We believe that this study is primitive and will lead to a new area of research as this is the first attempt to automate the three-dimensional object generation process. There is still scope for implementing the same with another dataset as we had the same background for all images. Furthermore, generation of augmented views and coloured object outputs is still yet to be achieved. Another future enhancement could be the inclusion of top and bottom aligned images to make a completely rotatable model.

6. Conclusion

As part of the big leap in the image processing domain, volumetric estimation and reconstruction algorithms are getting popular.
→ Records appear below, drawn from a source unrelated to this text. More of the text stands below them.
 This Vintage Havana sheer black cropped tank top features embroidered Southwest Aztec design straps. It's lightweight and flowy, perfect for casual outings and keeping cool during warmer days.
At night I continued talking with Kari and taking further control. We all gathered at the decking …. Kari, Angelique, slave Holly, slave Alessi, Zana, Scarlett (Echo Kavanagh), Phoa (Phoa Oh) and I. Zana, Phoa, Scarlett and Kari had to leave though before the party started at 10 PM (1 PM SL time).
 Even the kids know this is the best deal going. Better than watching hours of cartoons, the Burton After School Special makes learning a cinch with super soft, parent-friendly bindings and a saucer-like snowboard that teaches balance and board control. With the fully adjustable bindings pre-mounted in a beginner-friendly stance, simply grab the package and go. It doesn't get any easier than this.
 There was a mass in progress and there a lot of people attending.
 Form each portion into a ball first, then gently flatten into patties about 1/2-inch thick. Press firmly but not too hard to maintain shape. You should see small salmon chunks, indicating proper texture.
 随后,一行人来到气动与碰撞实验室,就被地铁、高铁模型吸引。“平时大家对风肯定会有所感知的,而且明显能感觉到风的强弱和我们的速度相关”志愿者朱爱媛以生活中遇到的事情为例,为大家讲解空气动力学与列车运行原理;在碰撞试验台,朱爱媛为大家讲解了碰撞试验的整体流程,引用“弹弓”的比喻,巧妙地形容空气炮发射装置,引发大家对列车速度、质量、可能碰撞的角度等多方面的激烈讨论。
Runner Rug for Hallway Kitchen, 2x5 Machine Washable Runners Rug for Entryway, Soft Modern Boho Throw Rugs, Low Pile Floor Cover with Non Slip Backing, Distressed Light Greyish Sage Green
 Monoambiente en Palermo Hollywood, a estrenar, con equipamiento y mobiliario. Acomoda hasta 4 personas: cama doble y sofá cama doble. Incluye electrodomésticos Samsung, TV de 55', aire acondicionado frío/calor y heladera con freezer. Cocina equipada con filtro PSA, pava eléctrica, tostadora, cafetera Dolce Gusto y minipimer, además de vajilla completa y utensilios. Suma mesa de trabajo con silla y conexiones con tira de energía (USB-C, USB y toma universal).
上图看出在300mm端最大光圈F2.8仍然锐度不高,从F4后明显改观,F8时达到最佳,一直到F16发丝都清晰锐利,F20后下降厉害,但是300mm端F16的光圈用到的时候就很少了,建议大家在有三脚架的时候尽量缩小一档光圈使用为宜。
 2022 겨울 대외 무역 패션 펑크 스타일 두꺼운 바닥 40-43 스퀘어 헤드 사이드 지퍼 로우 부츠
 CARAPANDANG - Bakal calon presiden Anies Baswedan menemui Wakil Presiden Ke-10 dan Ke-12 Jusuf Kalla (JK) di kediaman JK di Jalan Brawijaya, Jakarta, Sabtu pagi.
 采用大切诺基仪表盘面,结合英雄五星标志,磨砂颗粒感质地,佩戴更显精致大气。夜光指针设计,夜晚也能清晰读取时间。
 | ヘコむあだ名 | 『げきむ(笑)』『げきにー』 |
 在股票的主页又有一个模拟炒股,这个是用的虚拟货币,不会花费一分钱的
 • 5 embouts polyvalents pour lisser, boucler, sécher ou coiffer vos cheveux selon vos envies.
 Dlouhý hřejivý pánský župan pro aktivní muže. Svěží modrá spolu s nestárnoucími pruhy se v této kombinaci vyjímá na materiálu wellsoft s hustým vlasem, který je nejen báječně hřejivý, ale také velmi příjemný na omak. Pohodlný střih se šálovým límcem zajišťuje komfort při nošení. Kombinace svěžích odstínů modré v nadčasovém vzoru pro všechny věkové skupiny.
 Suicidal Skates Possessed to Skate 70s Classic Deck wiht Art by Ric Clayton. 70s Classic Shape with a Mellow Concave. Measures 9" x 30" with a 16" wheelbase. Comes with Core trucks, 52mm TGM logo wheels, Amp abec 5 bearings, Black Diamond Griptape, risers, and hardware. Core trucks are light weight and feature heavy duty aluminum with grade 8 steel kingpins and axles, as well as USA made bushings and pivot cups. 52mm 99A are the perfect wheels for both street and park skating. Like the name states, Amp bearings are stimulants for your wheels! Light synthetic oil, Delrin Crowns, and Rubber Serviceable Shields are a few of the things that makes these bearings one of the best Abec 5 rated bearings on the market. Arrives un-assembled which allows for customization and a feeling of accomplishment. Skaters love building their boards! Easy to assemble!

As a primitive attempt to automate the process of three-dimensional object reconstructions, we are able to suggest a framework in our study. Even though we were not able to make a complete triple-axis rotatable model output due to the unavailability of such images in the dataset, using a series of images, we were able to replicate the primitive shape and features of the input objects. The suggested system can act as replacement for manual designing processes at least at the initial stages. We are able to conclude that obtaining three-dimensional models is possible when a set of images around the object is given.

Data Availability

The data used to support the findings of this study are freely available at https://www.cs.columbia.edu/CAVE/software/softlib/coil-100.php.

Disclosure

The funder had no role in the design of the study; in the collection, analyses, or interpretation of data; in the writing of the manuscript, or in the decision to publish the results.

Conflicts of Interest

The authors declare that there are no conflicts of interest.

Acknowledgments

The authors would like to thank the support from Taif University Researchers Supporting Project number TURSP-2020/211, Taif University, Taif, Saudi Arabia.